Defaulting debug container name to debugger-5vvvn.
If you don't see a command prompt, try pressing enter.
/ # ps
PID   USER     TIME  COMMAND
    1 1000      0:03 /home/enduro/bin/enduro-am-worker --config /home/enduro/.config/enduro.toml
   40 root      0:00 sh
   46 root      0:00 ps

But I don't see how that could be used to test the SFTP connection, not even in a container with a shell, you'd still need to install the client and set it up. At that point, if you just want to test it works from within the cluster, maybe you could create a temporary image/pod, unrelated to the enduro-am-worker, but with similar limitations.


Using distroless also worries me about needing other dependencies, thinking about xmllint for XSD validation in the projects were we are planning to use it or any other dependency like that will require a multi-stage approach were things are installed and copied from another stage.
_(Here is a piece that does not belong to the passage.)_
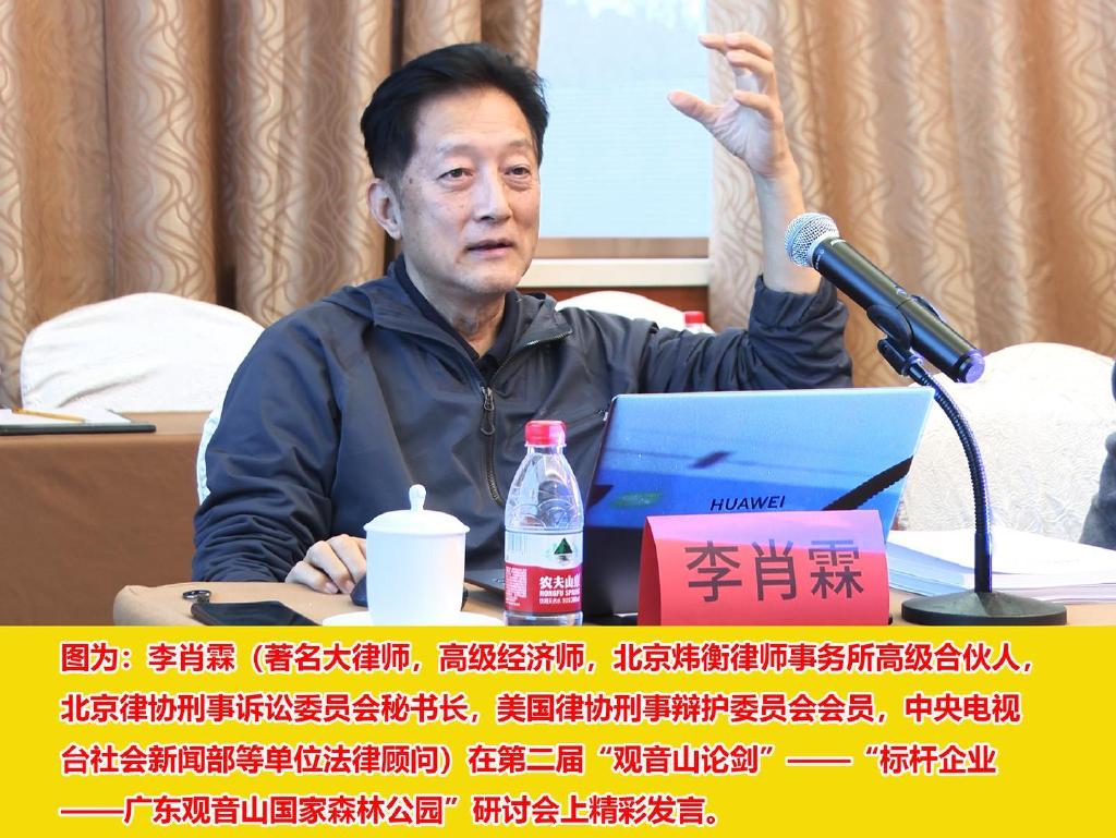 2025年3月15日,北京召开第二届“观音山论剑”——“标杆企业——广东观音山国家森林公园”研讨会,旨在促进落实“民营企业座谈会”精神,针对具有改革开放象征意义的中国第一家民营国家级公园——广东观音山国家森林公园所遭受的种种不公平待遇,与会专家敦促有关方面纠正对民营企业的歧视行为,尽快给公园80%的区域进行市政供电。据悉,“观音山论剑”研讨会的理念和任务是扬威法治之剑,传播正义之声,关注标杆企业广东观音山国家森林公园的“观音山事件”,探讨“观音山事件”对全国民营企业和地方政府具有怎样的警示意义,期望能够引导社会各界就地方政府应当如何依法行政、如何真正支持民营企业、落实民营企业座谈会精神、改善地方法治环境和营商环境展开讨论。出席本次研讨会的有:李肖霖, 著名大律师,高级经济师,北京炜衡律师事务所高级合伙人,北京律协刑事诉讼委员会秘书长,美国律协刑事辩护委员会会员,中央电视台社会新闻部等单位法律顾问;谢罡,著名法律实务专家,北京德恒律师事务所律师;庞恒超,北京声驰律师事务所律师,擅长处理行政相关案件;丁明豪,中国企业研究院研究员,《中国企业报》评论员,主持发布《中国职业经理人发展报告》、《中国企业新闻榜》;褚多丰,资深媒体人,农业农村部中国小康建设研究会理事;欧阳,原华夏时报、财经时报记者。据了解,广东观音山国家森林公园二十多年来从一座偏僻荒山变成了闻名遐迩的宝山,从无人问津、烫手山芋、四处求人接手,到后来巨额投资效益初现、各方争夺、相关方试图毁约、腐败官员索要股权,广东观音山国家森林公园可谓经历了阵痛蜕变,演变成了一个道场、一个传说。广东观音山国家森林公园董事长黄淦波是一位知识分子型的老板,他喜欢动脑筋、想办法,做各种活动,著名作家贾平凹、蒋子龙、迟子建、诺贝尔奖获得者克莱齐奥等齐聚观音山;他还举办全国县域经济发展大会、观音山民营企业法治论坛等等,今年还要举办中华文化万年史探源的学术会议,这些都是公益付出,同时也带动了广东观音山国家森林公园的文旅发展和森林保护。为什么说带动了森林保护?如果没有这些活动,广东观音山国家森林公园不可能成为一座闻名遐尔的名山;如果不成为闻名遐尔的名山,鉴于它是私营公园,没有拨款,有300多位职工,一年工资福利总额至少两三千万元,而且他每年投入500万元以上的资金用于林相改造、林木抚育、除虫防害、保护中华小鲵等珍稀动物,还投入巨资建立了世界唯一的“古树博物馆”。广东观音山国家森林公园的理念是“保护优先、适度开发、长久建设”,可以说,观音山在森林保护、动植物保护方面做得比任何其他国有的国家级森林公园都出色,也就是说,广东观音山国家森林公园实际上探寻出了一条集文化旅游与自然保护于一体、相互促进、两轮驱动的新路。

In any case, I agree with @djjuhasz about having a shell in the development env. and I also agree with @sevein about using distroless in production when possible. It's not that I really like this solution but we could have development targets in the Dockerfile, we already do it with the dashboard, targeting the builder stage instead of the final one to be able to use autoload and live updates:

We could add a base-dev stage using debian:12-slim or similar and create three enduro*-dev targets from it. One of the product trio goals for this quarter is to improve CD/CI in this project, I couldn't put much time lately but I hope to do that soon, which would help testing the distroless production images. Again, not a big fan, but what do you think?

djjuhasz commented 3 months ago

@jraddaoui I'm open using debian:12-slim but just FYI, the Ubuntu 20.04 images are pretty much the exact same size:

Screenshot from 2024-08-19 14-34-24 Screenshot from 2024-08-19 14-33-53

I'm also open to switching back to Alpine Linux, installing python3 and bagit-python, and creating a simple command line wrapper to do bag validation. My experience with the bagit-gython embedded python experiment is that it adds significant complexity without any major benefits over installing and wrapping the Python script.

djjuhasz commented 3 months ago

@jraddaoui as to why I want access to the "/home" directory, I'm trying to access a failed SIP at /home/a3m/.local/share/a3m/share/failed to figure out why the a3m "verify checksum" task failed. I'm just trying to get access to that file again with the distroless container, and I can't figure out how to get access to the filesystem or the contents. As you mentioned above kubectl cp requires tar, which isn't installed in the distroless container. :(

jraddaoui commented 3 months ago

You could do that from the a3m container, it uses Ubuntu 22.04:

https://github.com/artefactual-labs/a3m/blob/main/Dockerfile

djjuhasz commented 3 months ago

You could do that from the a3m container, it uses Ubuntu 22.04:

https://github.com/artefactual-labs/a3m/blob/main/Dockerfile

Ah, clever @jraddaoui! Thanks, that's a good temporary workaround until we decide on a more permanent solution.

djjuhasz commented 2 months ago

Closing this for now. We may chose to re-open it in the future.